Source data:

· · · · · · ·

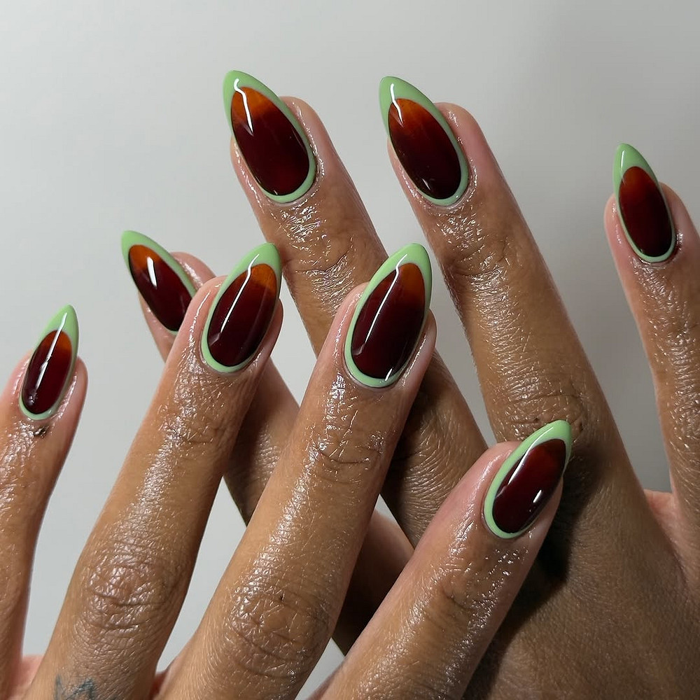 Классический градиент (от темного у кутикулы к светлому на кончике или наоборот) тоже никуда не делся, но теперь его часто делают в неожиданных цветовых сочетаниях. Например, из изумрудного в черный, из шоколадного в карамельный, из неонового розового в персиковый.
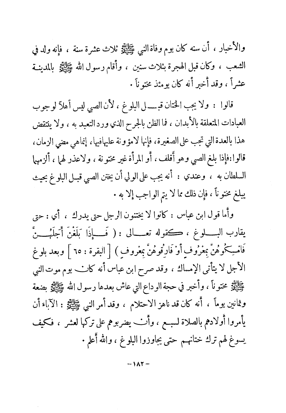 وَأما قَول ابْن عَبَّاس كَانُوا لَا يختنون الرجل حَتَّى يدْرك أَي حَتَّى يُقَارب الْبلُوغ كَقَوْلِه تَعَالَى {فَإِذا بلغن أَجلهنَّ فأمسكوهن بِمَعْرُوف أَو فارقوهن بِمَعْرُوف} الْبَقَرَة 65 وَبعد بُلُوغ الْأَجَل لَا يَتَأَتَّى الْإِمْسَاك وَقد صرح ابْن عَبَّاس أَنه كَانَ يَوْم موت النَّبِي صلى الله عَلَيْهِ وَسلم مختونا وَأخْبر فِي حجَّة الْوَدَاع الَّتِي عَاشَ بعْدهَا رَسُول الله صلى الله عَلَيْهِ وَسلم بضعَة وَثَمَانِينَ يَوْمًا أَنه كَانَ قد ناهز الِاحْتِلَام وَقد أَمر النَّبِي صلى الله عَلَيْهِ وَسلم الْآبَاء أَن يأمروا أَوْلَادهم بِالصَّلَاةِ لسبع وَأَن يضربوهم على تَركهَا لعشر فَكيف يسوغ لَهُم ترك ختانهم حَتَّى يجاوزوا الْبلُوغ وَالله أعلم
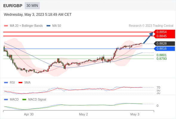 欧元/英镑 当日内: 看涨,当 0.8816 为支撑位,目标定在0.8854。
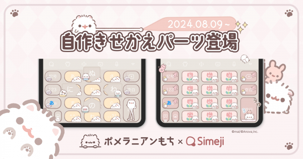 エイノバ株式会社(本社:東京都千代田区、代表取締役社長:安倍義人)がマネジメントする人気キャラクター「ポメラニアンもち」が、キーボードアプリ「Simeji」と初コラボした自作きせかえパーツを2024年8月9日(金)にリリースしました。
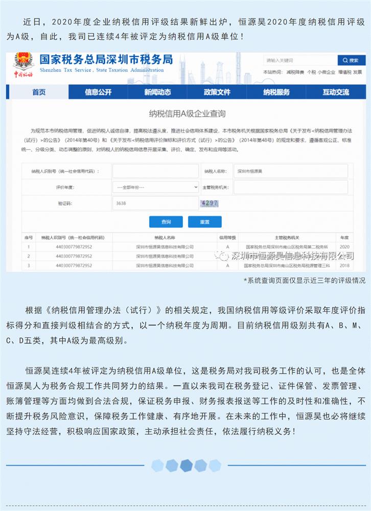 喜報|恒源昊連續(xù)4年納稅信用評級為A級!
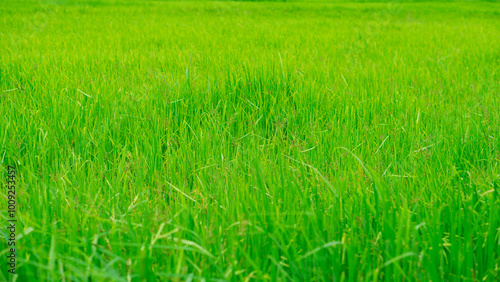 © ภัคจีรา เสียงใส, Obraz premium Close-up of rice seedlings growing in the fields. View of Young rice sprout ready to growing in the rice field
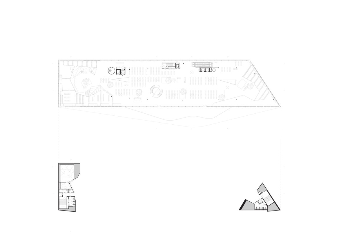 «…El diseño crece a partir de la dinámica entre el sitio y los objetivos del programa de la biblioteca. El concepto clave es la interacción entre los tres pisos individuales del edificio. La plaza pública en frente del edificio continúa dentro del edificio, fusionándose con un catálogo de características de reunión y experiencia. La planta baja es un espacio robusto, ocupado y libremente actualizado, adecuado para visitas rápidas y recorridos. Los espacios públicos activos de umbral cero son visibles, atractivos, comprensibles y acogedores para todos los visitantes.
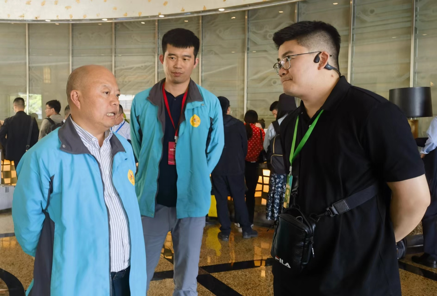 大会间隙,来自泸州的有机肥企业负责人向台沃集团董事长孙松国(左)请教。
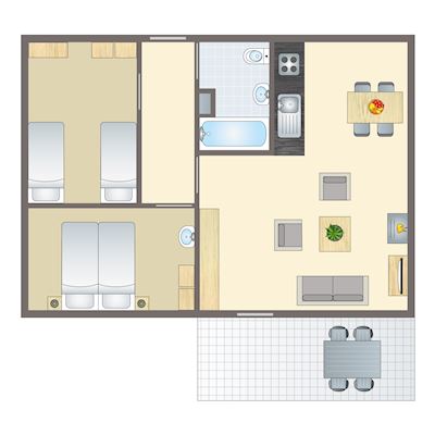 - Salle de bains avec baignoire ou cabine de douche, lavabo et toilette
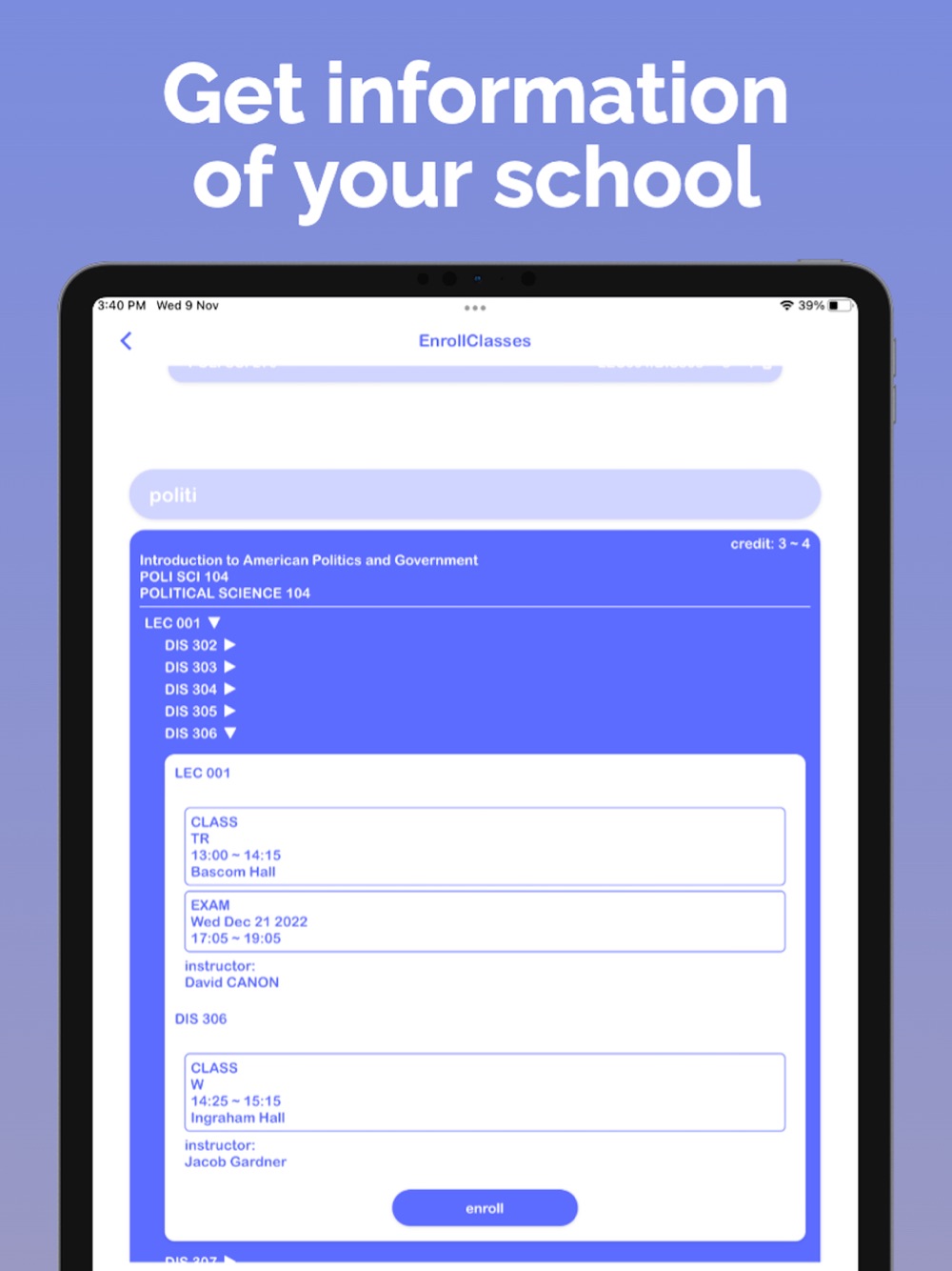 You can plan your course registration and check the timetable through the registered course data. Each subject data is linked to Google Maps to help you get to the classroom quickly.

· · · · · · ·

**Problem requirements:** The line containing "エイノバ株式会社(本社:東京" and every line after it, through the end of the records, are what you should retype exactly. Do not include the pictures.

**Exercise answer:**
 エイノバ株式会社(本社:東京都千代田区、代表取締役社長:安倍義人)がマネジメントする人気キャラクター「ポメラニアンもち」が、キーボードアプリ「Simeji」と初コラボした自作きせかえパーツを2024年8月9日(金)にリリースしました。
 喜報|恒源昊連續(xù)4年納稅信用評級為A級!
 © ภัคจีรา เสียงใส, Obraz premium Close-up of rice seedlings growing in the fields. View of Young rice sprout ready to growing in the rice field
 «…El diseño crece a partir de la dinámica entre el sitio y los objetivos del programa de la biblioteca. El concepto clave es la interacción entre los tres pisos individuales del edificio. La plaza pública en frente del edificio continúa dentro del edificio, fusionándose con un catálogo de características de reunión y experiencia. La planta baja es un espacio robusto, ocupado y libremente actualizado, adecuado para visitas rápidas y recorridos. Los espacios públicos activos de umbral cero son visibles, atractivos, comprensibles y acogedores para todos los visitantes.
 大会间隙,来自泸州的有机肥企业负责人向台沃集团董事长孙松国(左)请教。
 - Salle de bains avec baignoire ou cabine de douche, lavabo et toilette
 You can plan your course registration and check the timetable through the registered course data. Each subject data is linked to Google Maps to help you get to the classroom quickly.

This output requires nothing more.